## Goal of the exercise
Reproduce every record below exactly as written, leaving out any pictures.

:: Supplied records

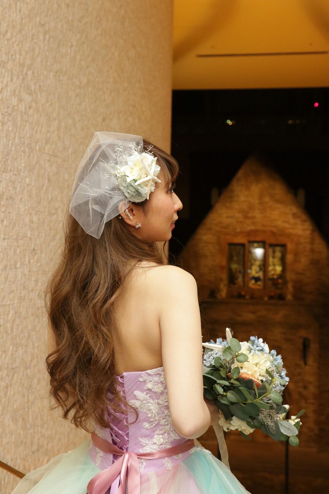 カラードレスではアリエルのイヤリングを付けました。
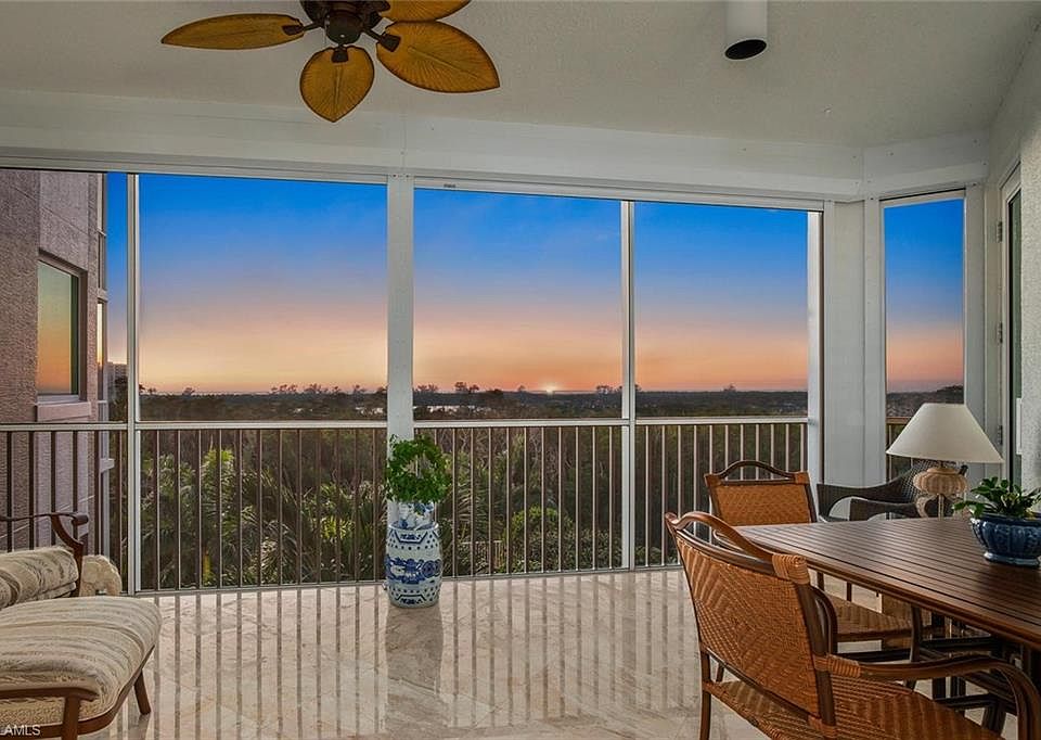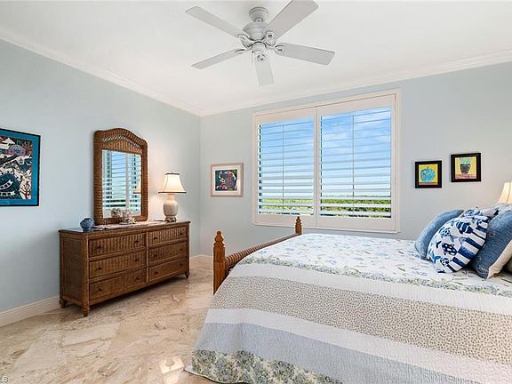 Absolutely Stunning Luxury Tower Residence with Sunset Views of the Gulf. Stroll up in your private elevator in this professionally decorated 3 Bed plus Den, 3 bath unit with many custom upgrades, including crown molding throughout, California closets, custom Den and Built-in Wet bar, electric hurricane shutters on the lanai, custom plantation shutters with professional window treatments, high end Italian marble flooring throughout, chair rail accents in main areas, GE Monogram stainless steel appliances with gas cooktop, and wine cooler. The Grande Geneva high rise tower faces Due West with phenomenal sunset views, and sun all day long at the pool, and views of Old Collier Golf Course. A MUST SEE, highly coveted Floridian Beach Club membership available with private shuttle from your tower residence directly to the beach 7 days a week, every 30 minutes. Like new, barely lived in, never rented, and was built out in 2013. Onsite is the brand new Clubhouse at The Dunes, with fine dining and full bar service, oversized leisure style pool, tiki bar, top of the line wellness center, overflow guest cottages, and an active tennis league with onsite his and hers pros. Pet friendly.
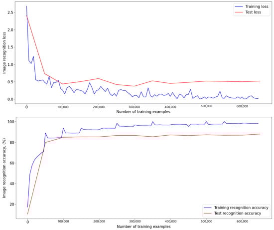 Table 2 shows the accuracies of pretrained architects to justify the choice of the basis of the image recognition program. A total of 20 epochs of each architectural network was trained and the highest value was chosen. The table shows that the best learning outcome was the VGG16 architecture. For 13 training epochs, the network recognized 8799 out of 10,000 test images, and thus the network reached a maximum accuracy of 87.99%, and the error at this epoch was 0.5190 (
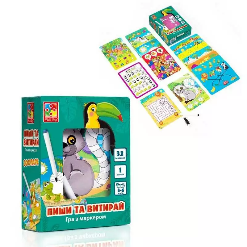 гр Гра настільна "Пиши та витирай. Зоопарк" (укр) VT 5010-20 (12) "Vladi Toys", 34 магнитных элемента
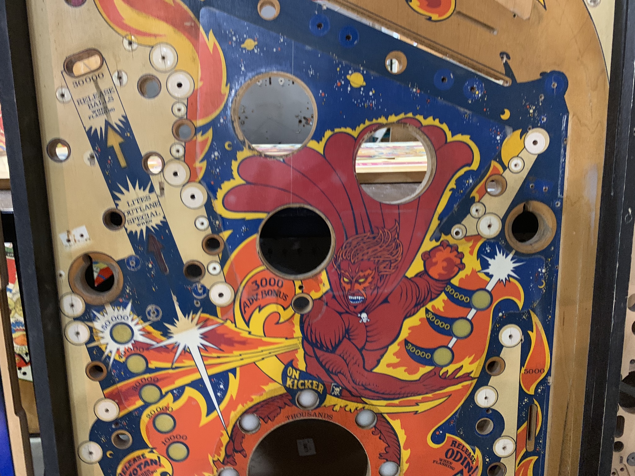 Man I don’t know if there is a game out there that has kicked my ass as bad as Fireball. The iconic machine that brought us the spinning disc tossing our balls every which way and causing us more pain and suffering than any game that came before it. Everytime I think of this machine it also reminds me of the classic movie Dazed and Confused as it appears in the pool hall as the teens are hanging out and enjoying every bit of the 70s that they can. Please the demons and make your Fireball better than an original by restoring this playfield and adding some clearcoat to have it playing faster than it ever has before.
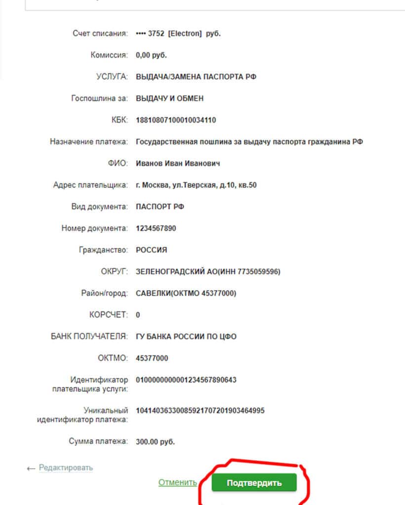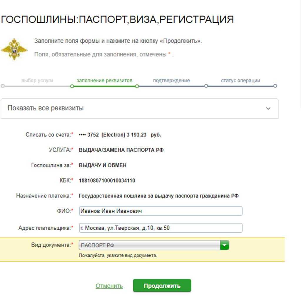 Далее, в открывающихся окнах заполняем данные (номер документа, гражданство, округ, район, город). В конце система предложит проверить вам все реквизиты и указанные данные. Если все верно, жмите «Подтвердить платеж».
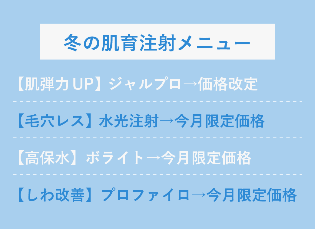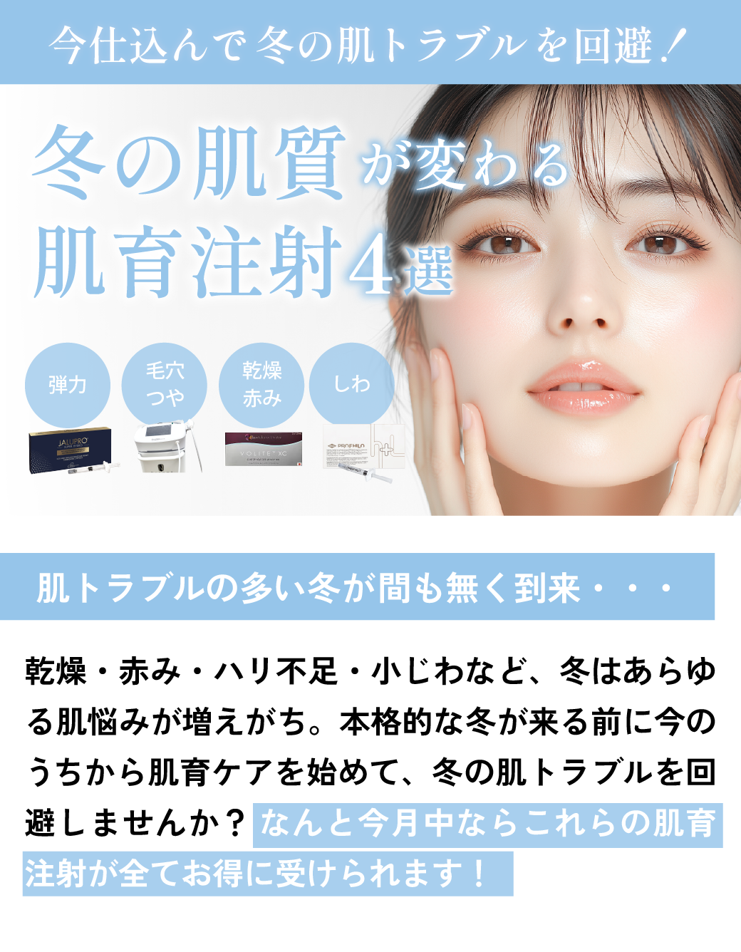 【冬の肌トラブル回避】冬の肌質が変わる肌育注射4選❄️
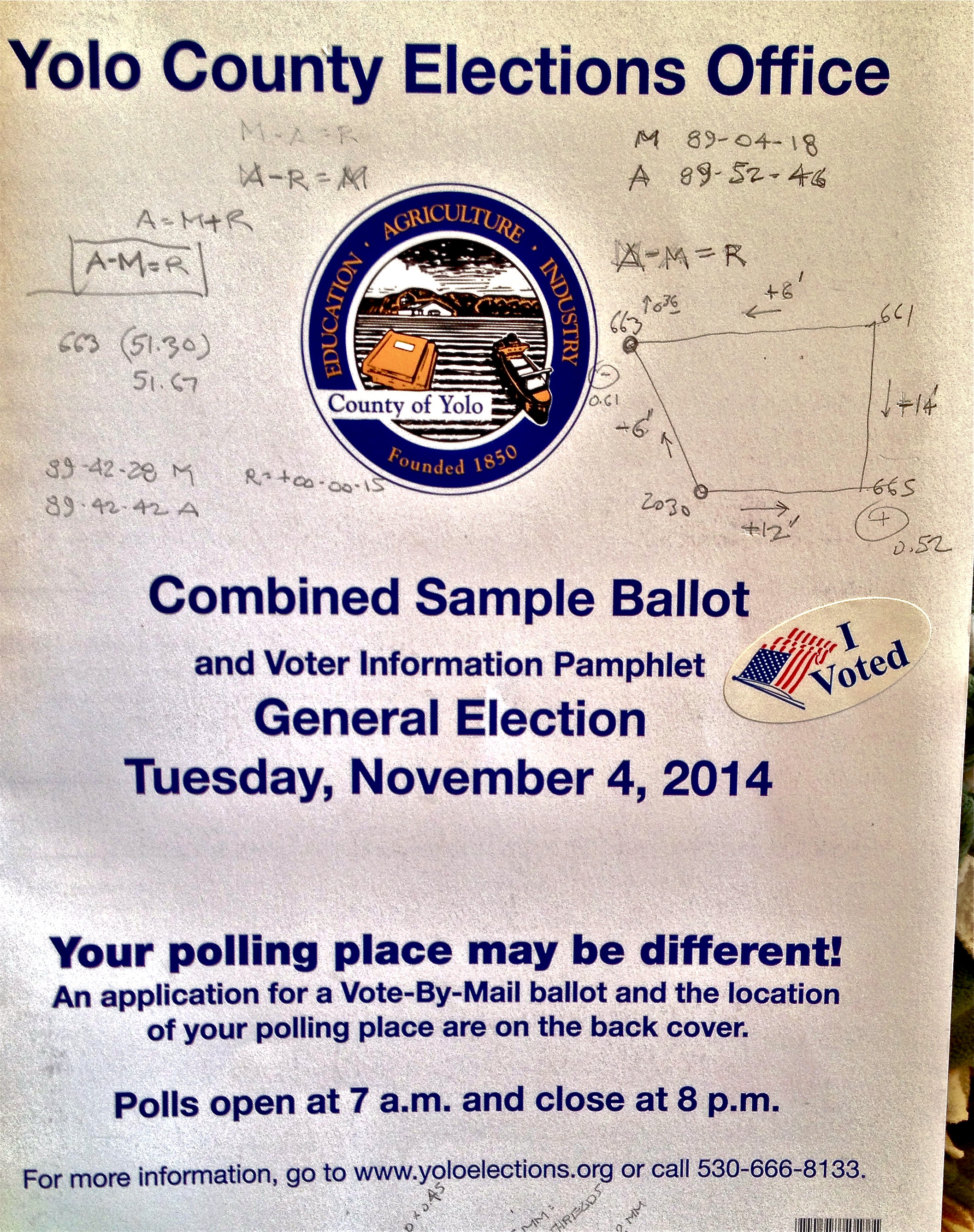 No idea what this is all over my sample ballot. Somebody in the house used it to calculate something…

::::

## Expected output
 カラードレスではアリエルのイヤリングを付けました。
 Absolutely Stunning Luxury Tower Residence with Sunset Views of the Gulf. Stroll up in your private elevator in this professionally decorated 3 Bed plus Den, 3 bath unit with many custom upgrades, including crown molding throughout, California closets, custom Den and Built-in Wet bar, electric hurricane shutters on the lanai, custom plantation shutters with professional window treatments, high end Italian marble flooring throughout, chair rail accents in main areas, GE Monogram stainless steel appliances with gas cooktop, and wine cooler. The Grande Geneva high rise tower faces Due West with phenomenal sunset views, and sun all day long at the pool, and views of Old Collier Golf Course. A MUST SEE, highly coveted Floridian Beach Club membership available with private shuttle from your tower residence directly to the beach 7 days a week, every 30 minutes. Like new, barely lived in, never rented, and was built out in 2013. Onsite is the brand new Clubhouse at The Dunes, with fine dining and full bar service, oversized leisure style pool, tiki bar, top of the line wellness center, overflow guest cottages, and an active tennis league with onsite his and hers pros. Pet friendly.
 Table 2 shows the accuracies of pretrained architects to justify the choice of the basis of the image recognition program. A total of 20 epochs of each architectural network was trained and the highest value was chosen. The table shows that the best learning outcome was the VGG16 architecture. For 13 training epochs, the network recognized 8799 out of 10,000 test images, and thus the network reached a maximum accuracy of 87.99%, and the error at this epoch was 0.5190 (
 гр Гра настільна "Пиши та витирай. Зоопарк" (укр) VT 5010-20 (12) "Vladi Toys", 34 магнитных элемента
 Man I don’t know if there is a game out there that has kicked my ass as bad as Fireball. The iconic machine that brought us the spinning disc tossing our balls every which way and causing us more pain and suffering than any game that came before it. Everytime I think of this machine it also reminds me of the classic movie Dazed and Confused as it appears in the pool hall as the teens are hanging out and enjoying every bit of the 70s that they can. Please the demons and make your Fireball better than an original by restoring this playfield and adding some clearcoat to have it playing faster than it ever has before.
 Далее, в открывающихся окнах заполняем данные (номер документа, гражданство, округ, район, город). В конце система предложит проверить вам все реквизиты и указанные данные. Если все верно, жмите «Подтвердить платеж».
 【冬の肌トラブル回避】冬の肌質が変わる肌育注射4選❄️
 No idea what this is all over my sample ballot. Somebody in the house used it to calculate something…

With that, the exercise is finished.